Nottingham has links to the legend of Robin Hood and to the lace-making, bicycle (notably Raleigh bikes) and tobacco industries. Nottingham is a popular tourist destination. In 2020, Nottingham had an estimated population of 330,000. The wider conurbation, which includes many of the city's suburbs, has a population of 768,638.

### Business Problem

Nottinhgam city center is very lively with a wide offer of food and entrainment venues, while other areas of the city are also becoming more popular. However, historic data and observations in the city center suggest that there is a very high turn-over among newly opened venues and many of them shut relatively soon after opening. At the same time, there are several exmamples of venues in different categories that have become very successful and established.<br><br>
This poses a critical question for potential new owners and investors: **Is there any link between the area and the type of venue that will be successful?**

The target audience of this case study are existing and prospective new owners of restaurants, bars, arcades, food vans, snack shops and many other types of venues in the food and leisure industry. This case study can inform them which areas of Nottingham might be the best fit for opening their business ideas as well as where there is already a high concentration of similar business, such that there may be a stronger competition.

As a data science project, this case study may also reveal new insights from data, which have not been known and noticed before.

## 2. Data

A combination of different datasets will be used to explore the suggested business problem.
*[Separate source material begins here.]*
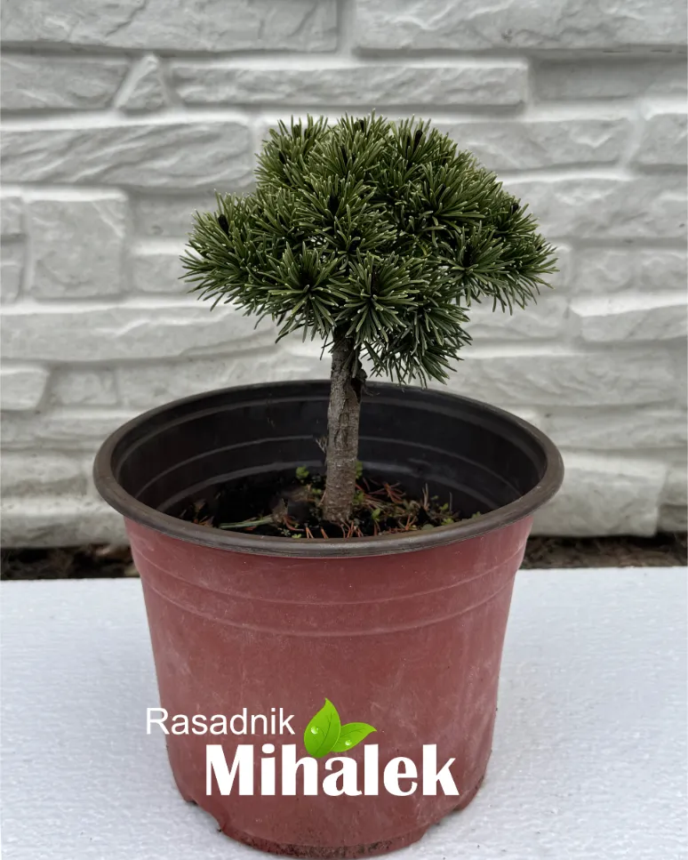 Pinus mugo mops je patuljasti četinar koji može dostići visinu i širinu do 1 metra. Raste veoma sporo, pa ga je najbolje saditi u kombinaciji sa nižim perenama, niskim grmovima i patuljastim četinarima. Najlepši je rano u proleće, kada njegovi pupovi izgledaju kao srebrne loptice. Zelene je boje. Odgovara mu sunčana pozicija i polusenka. Ne voli previše vlage. U ponudi su nisko kalemljene sadnice na visinu od 5-10 cm + krošnja 15-20 cm, čiji izgled možete videti na fotografiji broj 2 (12.03.2026).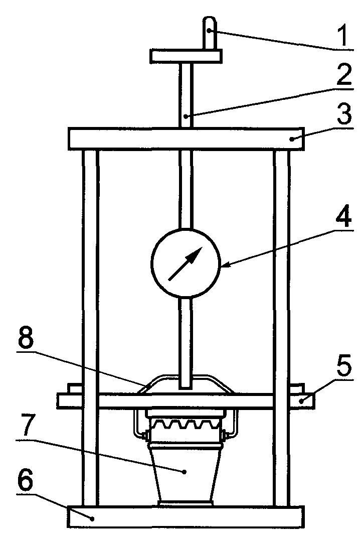 3 - неподвижный упор; 4 - серьга; 5 - датчик усилий;

In order to address the questions outlined in the previous section, a collection of data is required about:
- venue category or type
- its location
- how long it operated
- how popular it was or is

It is proposed to use Foursquare location, reviews and check-ins data to dervie the features above. The location data associated with venues can be obtained directly from the Foursquare dataset, which then can be used for spatial clustering. It is more challenging to evaluate how long a venue operatated, as it must be recognised that the venue may be __currently open and active__ or __already out of business and shut down__.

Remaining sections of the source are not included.